ERC-7634: Limited Transfer Count NFT

An ERC-721 extension to limit transferability based on counts among NFTs


Metadata
Status: DraftStandards Track: ERCCreated: 2024-02-22
Authors
Qin Wang (@qinwang-git), Saber Yu (@OniReimu), Shiping Chen (shiping.chen@data61.csiro.au)
Requires

Abstract


This standard extends ERC-721 to introduce a mechanism that allows minters to customize the transferability of NFTs through a parameter called TransferCount. TransferCount sets a limit on how many times an NFT can be transferred. The standard specifies an interface that includes functions for setting and retrieving transfer limits, tracking transfer counts, and defining pre- and post-transfer states. The standard enables finer control over NFT ownership and transfer rights, ensuring that NFTs can be programmed to have specific, enforceable transfer restrictions.

Motivation


Once NFTs are sold, they detach from their minters (creators) and can be perpetually transferred thereafter. Yet, many circumstances demand precise control over NFT issuance. We outline their advantages across three dimensions.

Firstly, by imposing limitations on the frequency of NFT sales or trades, the worth of rare NFTs can be safeguarded. For example, in auctions, limiting the round of bids for a coveted item can uphold its premium price (especially in the Dutch Auction). Similarly, in the intellectual property sector, patents could be bounded by a finite number of transfers prior to becoming freely accessible (entering CC0). In the gaming sphere, items like weapons, apparel, and vehicles might possess a finite lifespan, with each usage or exchange contributing to wear and tear, culminating in automatic decommissioning (burn) upon reaching a predetermined threshold.

Secondly, enforcing restrictions on trading frequency can enhance network security and stability by mitigating the risks associated with malicious NFT arbitrage, including high-frequency trading (HFT). While this presents a common vulnerability, the lack of easily deployable and effective methods to address it has been notable, making our approach particularly valuable.

Additionally, limiting the round of transfers can mitigate the economic risks associated with (re)staking NFTs, thereby curbing potential bubbles. With the rapid evolution of restaking mechanisms, it's foreseeable that users may soon engage in multiple rounds of NFT staking (e.g., NFT → stNFT → st^2NFT), akin to staking liquidity tokens with third-party platforms like EigenLayer (Ethereum), Babylon (Bitcoin), and Picasso (Solana). Notably, the current setup of EigenLayer employs an NFT as the restaking position (a type of proof-of-restake) for participants. Should this NFT be restaked repeatedly into the market, it could amplify leverage and exacerbate bubble dynamics.
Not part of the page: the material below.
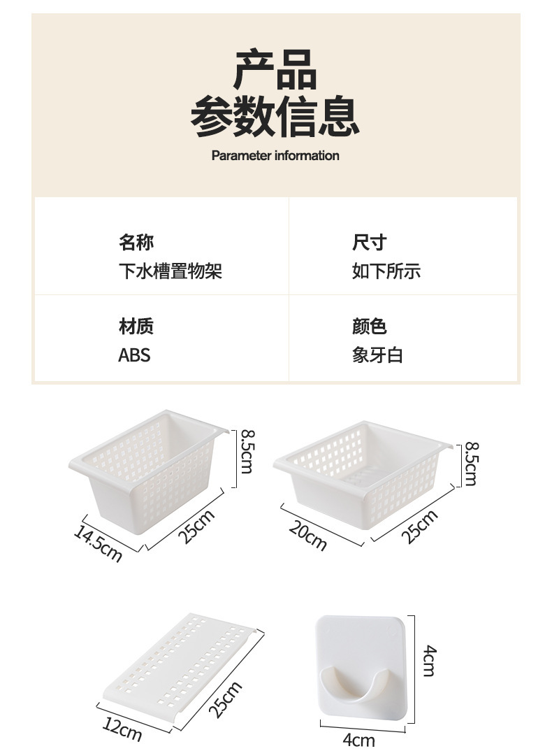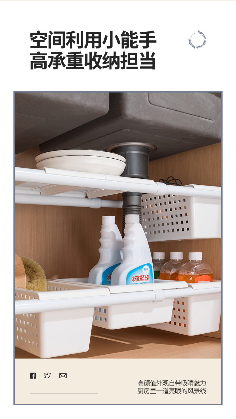 日式水槽下免打孔伸缩杆收纳架厨房挂杆调料置物架橱柜塑料收纳篮

By imposing limits on the number of stake iterations, we can proactively prevent the emergence of Ponzi-like dynamics within staking ecosystems.

Key Takeaways

This standard provides several advantages:

Controlled Value Preservation: By allowing minters to set customized transfer limits for NFTs, this standard facilitates the preservation of value for digital assets Just as physical collectibles often gain or maintain value due to scarcity, limiting the number of transfers for an NFT can help ensure its continued value over time.

Ensuring Intended Usage: Setting transfer limits can ensure that NFTs are used in ways that align with their intended purpose. For example, if an NFT represents a limited-edition digital artwork, limiting transfers can prevent it from being excessively traded and potentially devalued.

Expanding Use Cases: These enhancements broaden the potential applications of NFTs by offering more control and flexibility to creators and owners. For instance, NFTs could be used to represent memberships or licenses with limited transferability, opening up new possibilities for digital ownership models.

Easy Integration: To ensure broad adoption and ease of integration, this standard extends the existing ERC-721 interface. By defining a separate interface (IERC7634) that includes the new functions, the standard allows existing ERC-721 contracts to adopt the new features with minimal changes. This approach promotes backward compatibility and encourages the seamless incorporation of transfer limits into current NFT projects.

Specification


The key words “MUST”, “MUST NOT”, “REQUIRED”, “SHALL”, “SHALL NOT”, “SHOULD”, “SHOULD NOT”, “RECOMMENDED”, “MAY”, and “OPTIONAL” in this document are to be interpreted as described in RFC 2119.

  • setTransferLimit: a function establishes the transfer limit for a tokenId.
  • transferLimitOf: a function retrieves the transfer limit for a tokenId.
  • transferCountOf: a function returns the current transfer count for a tokenId.

Implementers of this standard MUST have all of the following functions:


Rationale


Does tracking the internal transfer count matter?

Yes and no. It is optional and quite depends on the actual requirements. The reference implementation given below is a recommended one if you opt for tracking. The _incrementTransferCount function and related retrieval functions (transferLimitOf and transferCountOf) are designed to keep track of the number of transfers an NFT has undergone. This internal tracking mechanism is crucial for enforcing the minter's transfer limits, ensuring that no further transfers can occur once the limit is reached.

If opting for tracking, is that all we may want to track?

It is recommended to also track the before and after. The optional _beforeTokenTransfer and _afterTokenTransfer functions are overridden to define the state of the NFT before and after a transfer. These functions ensure that any necessary checks or updates are performed in line with the transfer limits and counts. By integrating these checks into the transfer process, the standard ensures that transfer limits are consistently enforced.

Backwards Compatibility


This standard can be fully ERC-721 compatible by adding an extension function set.

Extensions

This standard can be enhanced with additional advanced functionalities alongside existing NFT protocols. For example:

  • Incorporating a burn function (e.g., ERC-5679) would enable NFTs to automatically expire after reaching their transfer limits, akin to the ephemeral nature of Snapchat messages that disappear after multiple views.

  • Incorporating a non-transferring function, as defined in the SBT standards, would enable NFTs to settle and bond with a single owner after a predetermined number of transactions. This functionality mirrors the scenario where a bidder ultimately secures a treasury after participating in multiple bidding rounds.

Reference Implementation


A recommended implementation is demonstrated as follows:

  • _incrementTransferCount: an internal function facilitates incrementing the transfer count.
  • _beforeTokenTransfer: an overrided function defines the state before transfer.
  • _afterTokenTransfe: an overrided function outlines the state after transfer.

Security Considerations


  • Ensure that each NFT minter can call this function to set transfer limits.
  • Consider making transfer limits immutable once set to prevent tampering or unauthorized modifications.
  • Avoid performing resource-intensive operations when integration with advanced functions that could exceed the gas limit during execution.

Copyright


Copyright and related rights waived via CC0.